We've been on several safaris before, but this time we were looking for something different and a bit more challenging. Boy did we get it.
I gotta say, this type of safari isn't for everyone. It's a trip where you must commit to the distance. You need to love being on the road for hours and hours, and then a few more hours.
I have a lot of friends who would have hated this trip. Firstly, living on the west coast, it's going to take you days just to get to your starting off point, which for us was the capital city of Windhoek in Namibia.

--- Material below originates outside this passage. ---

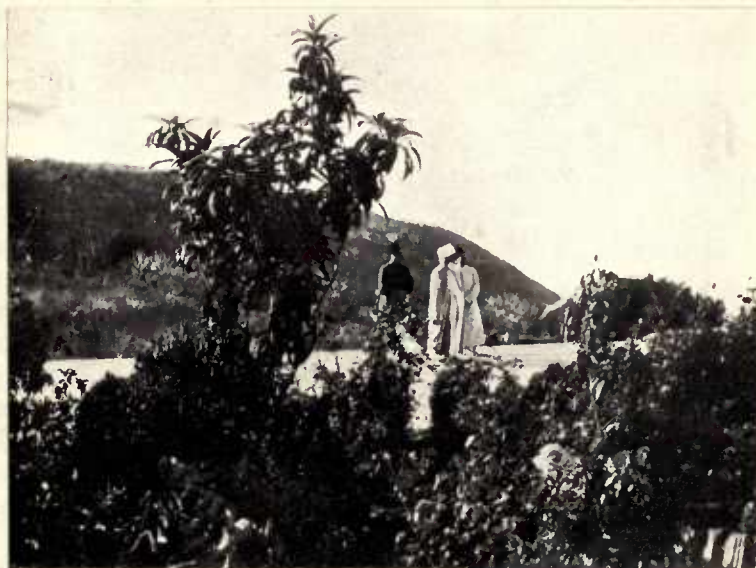
ABDUL BAHÁ WALKING ON THE TERRACE BEFORE THE TOMB OF THE BAB—THE PROMONTORY OF MOUNT CARMEL IS IN THE DISTANCE

Namibia is a huge country. It's the size of two California's put together and the distances between the most popular sites are vast to say the least. We knew this going in but once you're driving on dirt roads, on the left side of the road, in the right side of the vehicle with a left hand manual shift, the distances seem much further than what they appear on your map.
I for one, love a good road trip and for us, this was king of road trips.
I planned this trip with the help of Dori Peterson at Cadence Travel and Wilderness Safaris.
You could try to plan an adventure like this by yourself, but I wouldn't recommend it. There are too many fine details that would be missed. We were given everything we needed to know before we even left the States.
Having said that, renting a camper truck like the ones through KEA are very popular. The majority of the vehicles on the road were these adventurous folks headed from campsite to campsite. I like a bit more glamping in my adventures.
There are few gas stations or restaurants in-between destinations, so it's a good idea that someone in your party know how to change a tire or dig yourself out of the sand.
Our first destination after our long sleep in Windhoek was to Onguma Tented Camp near the east (Von Lindquist Gate) entrance to Etosha National Park.
What was supposed to be a 6 hour drive, turned into an 8 1/2 hour drive by somehow taking a wrong turn where there were no turns to be made. We literally had one highway, the B1, and we somehow veered off it, wasting precious time at Onguma.
Part of this trip was planned just so I could stay at this very camp.
The deck faces the camp's private waterhole where you can sit, enjoy a well deserved cocktail and watch the ever changing scenery.
There are several lodges in the Ongava Game Reserve and if you get the choice stay at either Ongava Lodge, Little Ongava or Tented Camp.
We stayed at Anderssons because there was no availability at the others. After coming from our first camp, Anderssons was quite a disappointment.
Yes, this is the snob in me coming out. We heard the same expressions from other guests as well. Our accommodations here were fine and the staff was wonderful. But it didn't have half the charm or luxury that we just experienced at Onguma Tented Camp.
You may now begin to roll your eyes.
It did however have a very nice outdoor area for dining with a waterhole 50 feet away. We were greeted by a thirsty rhino both nights we were there.
Etosha, which mean "Great White Place" is the largest salt pan in Africa. This makes for a very beautiful contrasting landscape where the animals look like mirages in the distance.
As the sun is setting, a bar is set up and you are given an opportunity to stretch you legs, watch the sunset with new friends and reflect of the adventures of the day.
Our whole itinerary changed after I spoke with an expert on Namibia. (Chris Liebenburg, with Piper and Heath). He reminded me that traveling to Namibia shouldn't be about the lodges I chose to stay at (I was choosing lodges based on how cool I thought they looked on their websites) but the experiences I couldn't get anywhere else in the world. Where else was I going to get the chance to track rhino on foot?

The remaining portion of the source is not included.